Por Eduardo Quintana
Publicado na Ciencia del Sur
Em 1947 foi expulso do Partido Comunista por ter “iniciativa própria”; hoje é um dos principais críticos do marxismo a partir do ponto de vista científico. Em 1951 foi preso sob a acusação de fomentar uma greve ferroviária e desafiar um decreto-lei de 1949, que proibia greves na Argentina. Em 1963, após a censura ideológica do Governo, foi forçado a emigrar e, desde 1966, tem se estabelecido no Canadá, o país que lhe concedeu uma nova nacionalidade.

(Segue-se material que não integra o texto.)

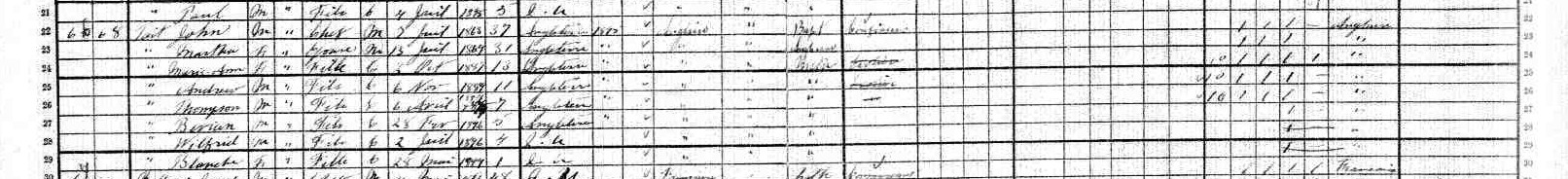 Dimensions: 1612x184 pixels  (0.29 MegaPixels in total) Size: 139KB 150dpi 24 bpp, source file: C:\Pictures\John &Martha Tait 1901 census Canada extract.jpg

É o doutor Mario Augusto Bunge um dos poucos pensadores contemporâneos que tratou de unir a ciência com a filosofia, tanto é que produziu um “Tratado de Filosofia Básica” (elaborado de 1974 a 1989) abertamente racionalista, materialista e cientificista.
Aos 19 anos, Bunge fundou a Universidad Obrero Argentina (UOA) para favorecer a educação superior da classe trabalhadora. Em 1943, o então secretário de Trabalho e Previsão, o coronel Juan Domingo Perón, fechou a universidade. Também fundou a revista Minerva, a primeira publicação hemisférica a favor do racionalismo e contra as correntes irracionalistas.
Embora tenha se aposentado da Universidade McGill no Canadá, segue produzindo. Meses atrás, publicou seu livro Doing Science e assim que essa obra foi lançada, começou a escrever outra, que será publicada em 2018.
Bunge nasceu na cidade de Buenos Aires, Argentina, em 21 de setembro de 1919, e aos seus 97 anos, segue trabalhando intelectualmente. Em 1952 obteve o doutorado em Ciências Físico-matemáticas na Universidad Nacional de La Plata (UNLP), onde exerceu a docência. Também foi professor da Universidad de Buenos Aires (UBA) e de universidades e centros de pesquisa no México, nos Estados Unidos, na Alemanha, na Austrália, na Suíça e no Canadá.
Em 1982, Bunge recebeu o Prêmio Príncipe de Astúrias de Comunicação e Humanidades, e em 1986 o prêmio Konex de Humanidades. Esteve no Paraguai em 2013, convidado pela Associação Paraguia Racionalista (APRA). Deu uma série de conferências magistrais e se reuniu com cientistas, filósofos, jornalistas e pesquisadores. A Universidad Iberoamericana (Unibe) lhe concedeu um Doutorado Honoris Causa e foi com esta instituição que seguiu colaborando com artigos científicos.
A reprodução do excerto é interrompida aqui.